Resilience of health sector: Good water, vaccine coverage:

  1. The substantive allocation for the newly launched Jal Jeevan Mission (Urban) is especially commendable as access to adequate, good quality water supply has major positive externalities for the health sector.
  2. A report released by the Johns Hopkins Bloomberg School of Public Health in 2019 suggested that nearly one out of every 100 Indian children does not live to celebrate their fifth birthday on account of either diarrhoea or pneumonia.
  3. Suboptimal access to clean water and sanitation is directly linked to diseases such as diarrhoea, polio and malaria.
  4. Moreover, water contaminated with heavy metals such as arsenic increases the risk of developing heart ailments and cancer.
  5. Another important public health-related announcement in Budget 2021 was the government’s decision to expand the coverage of the pneumococcal vaccine across the country.
  6. Pneumococcal pneumonia is a major killer of children under the age of five years.
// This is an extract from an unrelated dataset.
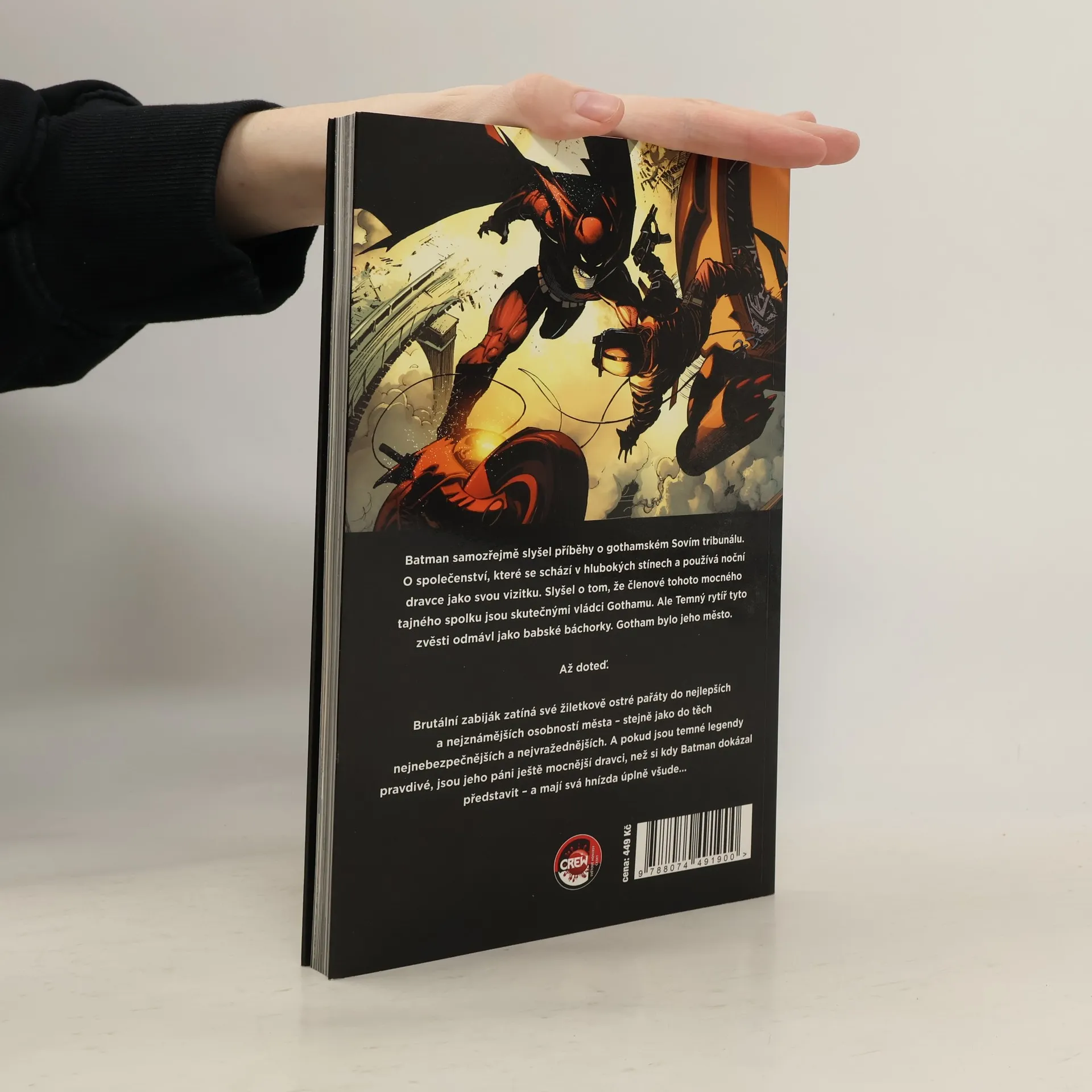 Batman samozřejmě slyšel příběhy o gothamském Sovím tribunálu. O společenství, které se schází v hlubokých stínech a používá noční dravce jako svou vizitku. Slyšel o tom, že členové tohoto mocného tajného spolku jsou skutečnými vládci Gothamu. Ale Temný rytíř tyto zvěsti odmávl jako babské báchorky. Gotham bylo jeho město. Až doteď. Brutální zabiják zatíná své žiletkově ostré pařáty do nejlepších a nejznámějších osobností města – stejně jako do těch nejnebezpečnějších a nejvražednějších. A pokud jsou temné legendy pravdivé, jsou páni města ještě mocnější dravci, než si kdy Batman dokázal představit – a mají svá hnízda úplně všude... Hvězdný tým složený ze scenáristy Scotta Snydera a Grega Capulla hrdě uvádí závratnou ságu tajemství a děsu!

Once universalised, this indigenously developed vaccine could save up to 50,000 lives annually.
  7. The Finance Minister has also made a special allocation of Rs.35,000 crore for the COVID-19 vaccine in 2021–22, which could be increased if required.
  8. India has already delivered over eight million doses of the vaccine to health-care and frontline workers thus far the fastest vaccination drive in the world.


Need to notice by everyone: Links between Health, Water and Sanitation:

With respect to the “padding” of the health Budget, with allocations for water, sanitation, nutrition and clean air, as pointed out by some commentators, it is important to appreciate that the presentation of a combined ‘health and well-being’ budget, which sets the tone for greater integration of these areas, is in fact a welcome step.

The National Health Policy (NHP), 2017, highlights the close links between health, water and sanitation.

This year’s Economic Survey too recognises that improvements in access to bare necessities such as water, sanitation and housing are strongly correlated with progress in health indicators.


Promoting Ayurveda and yoga for Well-being and Stress reduction:

  1. A less talked about aspect of the health Budget is the nearly 40% hike for the Ministry of Ayurveda, Yoga & Naturopathy, Unani, Siddha and Homoeopathy (AYUSH).
  2. The pandemic has catalysed a behavioural shift in favour of preventive care, holistic health and wellness.
  3. There is considerable potential for promoting ayurveda and yoga as well as integrative health-care approaches in the post-COVID-19 scenario, especially for stress reduction and the management of chronic diseases.


States must act too on spending on Health sector:

  1. Undoubtedly the budgetary allocation for health needs to be ramped up over time.
  2. We also have to ensure adequate funds for critical and closely-linked sectors such as nutrition, water and sanitation.
  3. The onus of increasing health spending, however, does not lie with the Centre alone but also with the States also.
  4. In fact, as elucidated in the National Health Accounts 2017, 66% of spending on health care in India is done by States.
  5. It is imperative, therefore, that States increase expenditure on health to at least 8% of their budget by 2022 as recommended by the National Health Policy (NHP), 2017 and the Fifteenth Finance Commission.



The health sector has found a prominent place in the government’s agenda over the last few years, with the implementation of a series of well-thought-out and carefully sequenced reforms.

While much remains to be done, the Union Budget 2021–22 has laid a strong foundation to increase the resilience of the sector in the post-COVID-19 era and achieving Universal Health Coverage by 2030 as part of the Sustainable Development Goals agenda.